Why AI Models Hallucinate and How to Fix Them

A tab representation of the Pre trained CLIP Vision Transformer

A groundbreaking study to detect and remove hallucinations in AI models

AI assistants based on large language models, like ChatGPT and Gemini, are transforming how millions of people work and live. But their tendency to "hallucinate"—producing confident yet false information— undermines trust, slows adoption, and adds costly oversight, especially in critical sectors like healthcare, law, and finance. We unveil a new method to detect and eliminate hallucinations that can easily be implemented in existing AI tools to increase their reliability and trustworthiness.

Our latest paper accepted at NeurIPS 2025, From Noise to Narrative: Tracing the Origins of Hallucinations in Transformers, introduces a groundbreaking approach to the persistent problem of hallucinations. Instead of treating AI models as "black boxes," we've developed tools to peer inside, identifying and neutralizing the origins of hallucinations deep within the model's internal processing. 

This allows us to prevent false outputs from emerging before they ever reach the end user.

Detecting hallucinations from within

Until now, most AI safety measures have focused on filtering inputs and outputs. While important, this "black box" approach fails to address the root cause of hallucinations, which often stem from the model's internal reasoning. 

Imagine trying to fix a faulty engine by only checking the fuel and exhaust: you would miss the internal mechanics causing the problem.

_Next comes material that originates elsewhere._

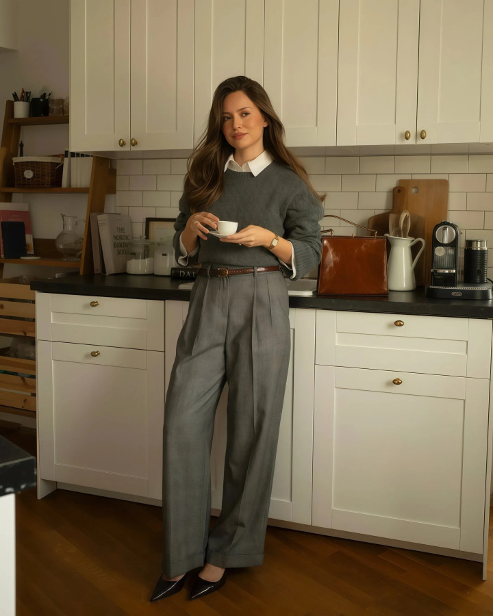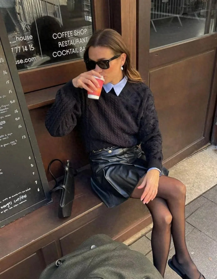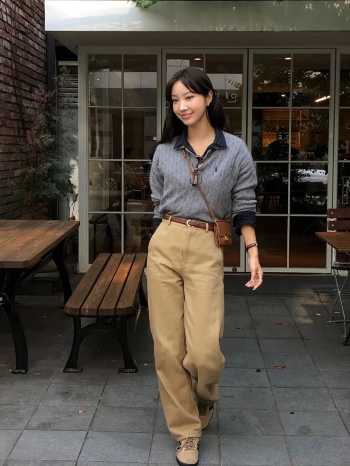毛衣叠衬衫这个搭配在本年相等火,还有一个审好意思趋势上的原因,学院风正在从年青女孩的圈子往外扩,三四十岁的女性穿这一套也不会显稚拙,因为毛衣和衬衫本人皆是成年东谈主的衣橱基础款,它们拼在一齐仅仅多了一份书卷气。

Our research reveals that many harmful behaviors, including hallucinations, arise from these hidden internal layers.

Our novel tactic involves observing what happens when we feed an AI model progressively degraded, nearly meaningless inputs — noise. Surprisingly, instead of "giving up," the model activates an increasing number of internal "concept units," essentially inventing more internal structure and meaning to compensate for the lack of coherent input. 

This suggests that AI models have internal "leanings" or strong priors that can lead them to construct meaning even when there's no real signal, like a human “seeing” familiar shapes in clouds.

Here are some concepts that the LLM imagines in pure noise inputs:

Suppressing hallucinations in real-time

Crucially, these hallucination-prone activations tend to emerge in the middle layers of the transformer, becoming a fertile ground for "conceptual wandering" when the input is unclear. By monitoring these internal concept activations, we can predict whether a model is about to hallucinate even before it generates an output.

Beyond mere observation, we have designed experiments that causally intervene in the model's internal processing. By surgically identifying and suppressing specific "culprit" concept activations in the middle layers, we demonstrated that we can significantly reduce hallucinated content and improve correctness. 

This is akin to muting an off-key voice in a choir to restore harmony.

Ready for deployment

This breakthrough opens the door to real-time mitigation of hallucinations: we can now design AI models that can monitor their own internal processes, detect the precursors to a hallucination, and dynamically course-correct before the false information is ever formed. 

This method can also be extended to address other critical AI failure modes, including systematic biases and hijacking attempts.

With our method, organizations designing LLM-powered products and services can build more reliable, trustworthy AI systems, accelerating the safe and widespread adoption of AI across all industries to unlock its immense potential to drive innovation and solve complex challenges.